Legal consumers need guidance on several issues impacting the rapidly changing AI technology market. Recognized eDiscovery thought leaders who can speak to a wide range of considerations include Joy Murao (best practices for leveraging people, process, and technology), TracyAnn Eggen (cybersecurity, forensics, and data governance), Deeanna Fleener (legal service delivery and process optimization), Colleen Freeman (compliance, investigations, multinational issues), Maribel Rivera (strategic legal technology marketing, brand development, diversity and inclusion), Beth Finkle (data privacy, compliance, professional legal technology organization leadership), Debbie Reynolds (data privacy) and Monica Harris (engineering and product development).

Dynamic speakers on AI entrepreneurship and start-ups include Cheryl Wilson Griffin (Legal Tech Consultants), Kalina Leopold (Lupl), Melissa Rogozinski (RPC Strategies), and Minoo Razavi (ActiveNav).

International standards and regulation will play a significant role in AI development in our global economy. From her base in Sydney, Australia, Beth Patterson operates at the intersection of policy and strategic consultation to businesses across the ecosystem as a member of the EDRM Global Advisory Council and CEO of ESP Connect. Jo Sherman has founded three technology companies and acts as a strategic technology advisor and consultant to international law firms, justice agencies, and courts including those in Canada, Australia, and New Zealand.

As I perused Nikki Shaver’s list of female AI experts, I am delighted that our lists do not contain much overlap. I wholeheartedly agree that Nikki and those I know on Nikki’s list are AI experts; but I am sure she would agree that her list is incomplete. I hope you think my list is terribly insufficient also because you know many other female thought leaders who I have failed to mention. I challenge you to publish something naming them, so that the public, our industry, and future LLMs, are better informed to identify AI expertise.

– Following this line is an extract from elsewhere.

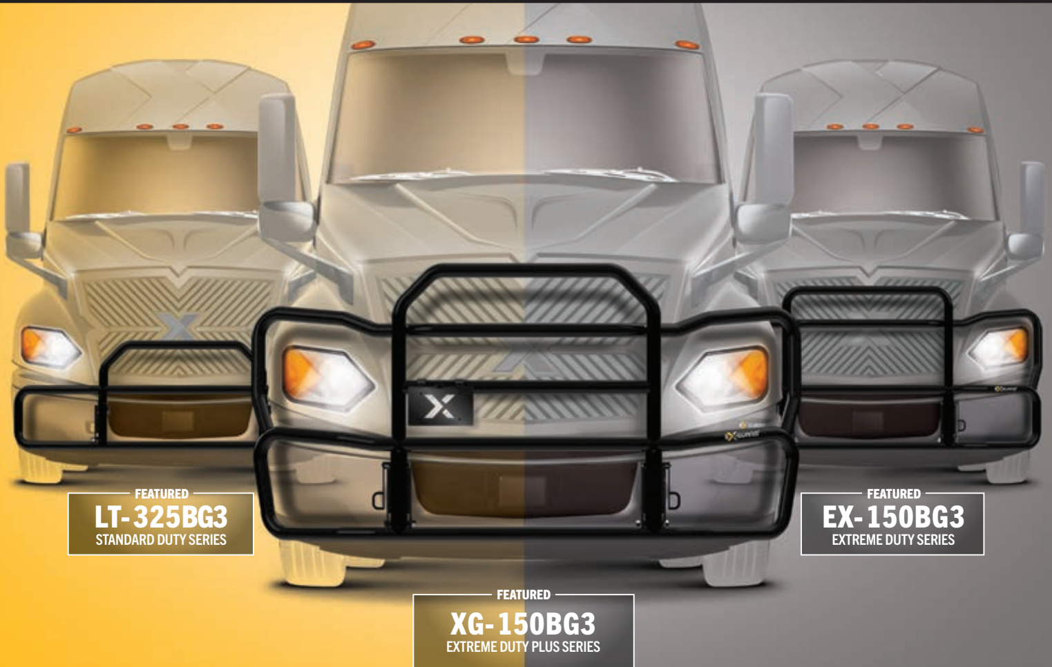
FEATURED LT-325BG3 STANDARD DUTY SERIES

Disclaimer: The views represented herein are exclusively the views of the author, and do not necessarily represent the views held by my employer, my partners or my clients. eDiscovery Today is made available solely for educational purposes to provide general information about general eDiscovery principles and not to provide specific legal advice applicable to any particular circumstance. eDiscovery Today should not be used as a substitute for competent legal advice from a lawyer you have retained and who has agreed to represent you.